RBC acknowledges the multitude of reasons why banks have been crushed, not the least of which is the fact that the Federal Reserve looks pinned in, and it’s very possible we could have just one, or possibly no, interest rate increase the rest of 2016. That combined with worries of European banks, a weakening Chinese economy and the continuing struggles in the energy sector, all have contributed to the sell-off.

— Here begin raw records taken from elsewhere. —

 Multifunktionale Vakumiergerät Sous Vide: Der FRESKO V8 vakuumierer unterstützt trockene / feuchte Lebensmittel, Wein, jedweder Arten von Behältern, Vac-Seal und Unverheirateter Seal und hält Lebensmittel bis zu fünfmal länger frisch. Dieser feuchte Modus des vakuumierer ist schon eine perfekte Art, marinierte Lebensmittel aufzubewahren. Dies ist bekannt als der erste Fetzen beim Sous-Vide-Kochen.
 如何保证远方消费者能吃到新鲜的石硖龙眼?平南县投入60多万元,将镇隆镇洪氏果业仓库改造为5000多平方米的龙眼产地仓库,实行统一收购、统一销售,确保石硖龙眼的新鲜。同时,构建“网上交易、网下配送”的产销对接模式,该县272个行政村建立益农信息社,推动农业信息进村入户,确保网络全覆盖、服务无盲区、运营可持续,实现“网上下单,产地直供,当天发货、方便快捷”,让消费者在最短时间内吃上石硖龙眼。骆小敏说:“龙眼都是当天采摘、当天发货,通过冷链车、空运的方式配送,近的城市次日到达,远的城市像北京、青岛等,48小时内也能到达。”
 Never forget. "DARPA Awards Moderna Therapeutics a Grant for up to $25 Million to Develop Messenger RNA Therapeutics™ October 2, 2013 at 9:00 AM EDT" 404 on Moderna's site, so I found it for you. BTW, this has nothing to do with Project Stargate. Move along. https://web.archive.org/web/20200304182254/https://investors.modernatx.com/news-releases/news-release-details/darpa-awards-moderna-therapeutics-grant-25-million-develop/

RBC notes that positive factors like loan growth, the healthier U.S. economy, strong credit quality and increased mergers and acquisitions activity, make the buying opportunity even more significant. We screened the RBC bank research universe and found four top banks paying good dividends rated Outperform to buy now.

JPMorgan

This stock trades at a very low 9.65 times estimated 2016 forward earnings. JPMorgan Chase & Co. (NYSE: JPM) is expected to benefit from commercial loan growth and an upturn in capital spending. Wall Street analysts agree that the stock seems attractively valued on estimated price-to-earnings (P/E) ratio and a very solid price-to-book value. Some on Wall Street have cautioned that last year’s divestiture of the physical commodities business could provide an earnings headwind throughout this year.

Improvement in loan growth, terrific equity capital markets and a steady increase in deposits are a solid plus. Trading at a discount to many of the large cap banks on 2015 earnings estimates helps upside potential as well. With $2.6 trillion in assets on a worldwide basis, and one of Wall Street’s savviest leaders in Jamie Dimon, the stock is a solid buy for investors.

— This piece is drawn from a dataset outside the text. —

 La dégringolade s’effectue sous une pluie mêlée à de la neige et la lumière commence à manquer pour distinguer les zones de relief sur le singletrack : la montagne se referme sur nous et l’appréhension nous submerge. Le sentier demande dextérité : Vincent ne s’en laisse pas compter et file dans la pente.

Dimon also recently put his money where his mouth was, reportedly buying a stunning 500,000 shares of the stock for a massive $26 million. It brings his total holdings in the bank to 6.7 million shares, worth over $360 million.

JPMorgan investors receive a 3% dividend. The RBC price target for the stock is $72, and the Thomson/First Call consensus price target is $72.22. Shares closed on Wednesday at $58.77.